What we do

Here’s where we can help you:
Our areas of expertise and our approach


Engagement and deliberation can transform how decision-makers carry out critical tasks, shedding new light on issues and leading to new solutions. Middle Ground uses Informed Participation to transform:

  • Policy Development
  • Strategic Planning
  • Organizational Change
  • (Internal and External) Stakeholder Engagement

Much of this work focuses on stakeholders and/or citizens outside an organization. However, the concerns of staff members within a government department or hospital often resemble those of citizens and stakeholders. For example, they may feel they have no voice in organizational changes that affect them; or in defining a vision for the future. Informed Participation can be an effective tool for solving issues inside the walls of an organization, as well as outside of them, from policy making to culture change.

Knowledge-Transfer and Capacity-Building

Hands-on learning is the best way to build skills and capacity in public deliberation. Middle Ground often uses actual engagement projects as a tool for knowledge-transfer to the client’s organization. Typically, Don will serve as the principal advisor, working closely with a team from the client’s firm, and advising them on how to design and implement the process. In addition, he may act as a facilitator and/or writer and analyst. These roles can be specially designed to create mentorship opportunities for the team and to build capacity within the client’s organization.

Training and Workshops

Middle Ground offers workshops and training courses on Informed Participation. These can extend from a half- to two days and will equip participants with the concepts, skills, and tools they need to design and implement deliberative processes. As an accomplished trainer, Don’s sessions are highly interactive and use lots of practical examples to illustrate the approach, along with group exercises to deepen the grasp of key concepts. Workshops can be custom designed to meet the specific needs of the client.

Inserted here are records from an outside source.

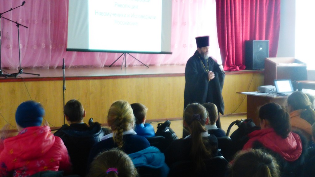 Учащимся 5 и 6-х классов священнослужитель рассказал о событиях, последовавших после прихода к власти партии большевиков и тех гонениях, которые были обрушены на Русскую Православную Церковь.
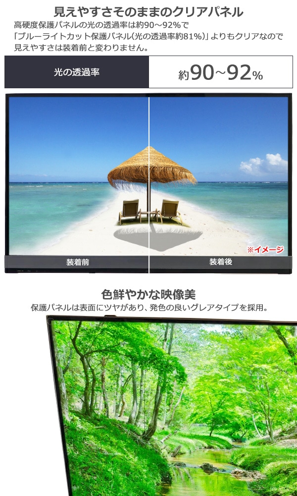 ■保護パネルは表面にツヤがあり発色の良いグレアタイプを採用しています。
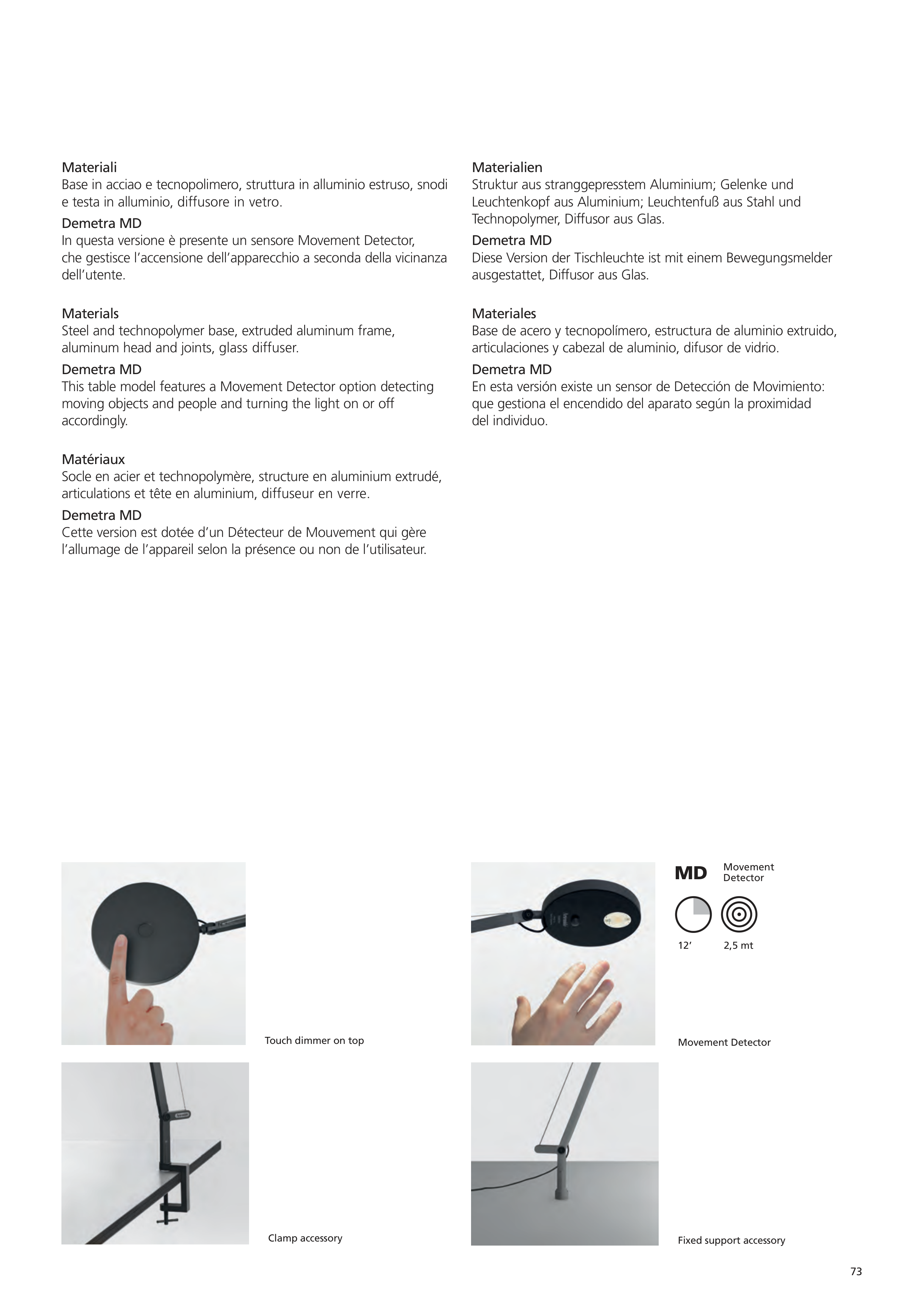 articulations et tête en aluminium, diffuseur en verre.
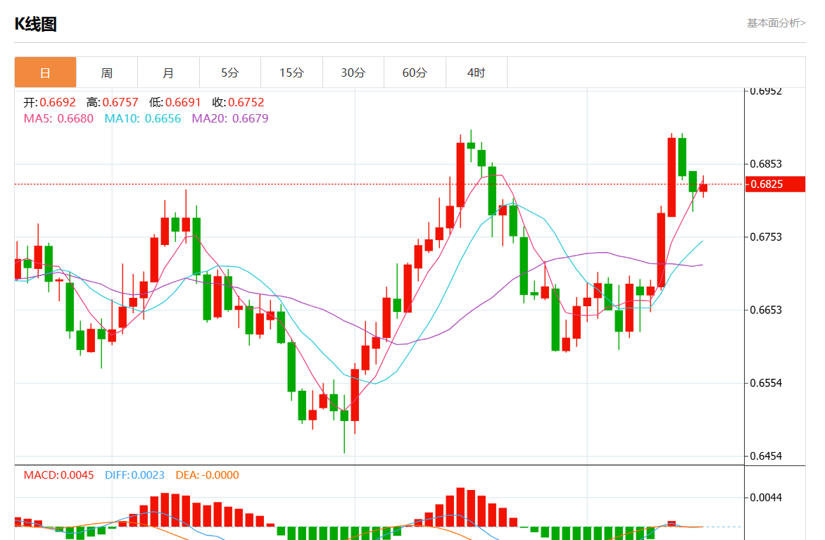周二盘中,美元/加元最新报0.6816,日图涨0.01% 今日分析:在0.6800上方建立多头头寸,目标在0.6845和0.6860。 技术点评:0.6800的支撑基础已经形成,并允许暂时稳定。 支撑位:0.68750.68600.6845 阻力位:0.68000.67850.6770

Here’s how we can help you:
Our skills and services

Designing and Implementing Engagement Processes

Every situation is different, and every engagement process should be designed to match the task at hand. This is about more than choosing between big and small processes, or online vs. face-to-face meetings. Informed Participation distinguishes between three different styles of public deliberation, each of which engages the participants in a different way:

  • Open Dialogue asks people to draw on relevant experience of an issue and to use their natural conversational skills to exchange views and propose options to solve it.
  • Deliberative Analysis has more formal rules of engagement and focuses participants’ attention on facts and arguments, and the evidence that support them.
  • Narrative-Building draws on the participants’ lived-experience to develop stories about an important change or challenge. Stories are useful because they speak to people in ways they can understand and identify with.

These deliberative “styles” are natural patterns that discussion follows in daily life. For example, sometimes people use lots of narrative or storytelling, while at others they are far more focused on facts and analysis. If the goal is to solve a difficult technical problem, facts and analysis will matter. If the goal is to solve a deep values conflict, narrative may be the better option. We build features like these into a process to shape it in ways that ensure the process always matches the task.



Public deliberation should be led by an experienced, impartial facilitator. Informed Participation relies on approach that combines three different roles:

  • The Traffic Cop: The facilitator ensures that discussion remains focused, well-organized, and well-managed. Discussion must follow the agenda, and no one gets to dominate or hijack the agenda.
  • The Referee: Informed Participation is a rules-based approach to finding solutions. The facilitator’s job is to ensure the rules are respected – for example, participants must listen to one another – and that disagreements are resolved through dialogue, evidence, compromise, and consensus.
  • The Guide: Informed Participation is about finding win/wins. The facilitator is the expert on deliberation who guides participants toward new ways to define their views; and on how to work together as a team, that is, to collaborate rather than compete with one another.

Report-Writing and Analysis

Over the years, Don has developed a distinctive style of report-writing that is widely recognized for clarity, accessibility, and its simple narrative style, especially when dealing with complex and often technical issues. Middle Ground uses a variety of document types to support our processes. These include short discussion papers, analyses of issues, comprehensive syntheses of ideas and options, summary reports, and case studies.

Don also regularly takes on writing and analysis tasks independently of his work on engagement processes.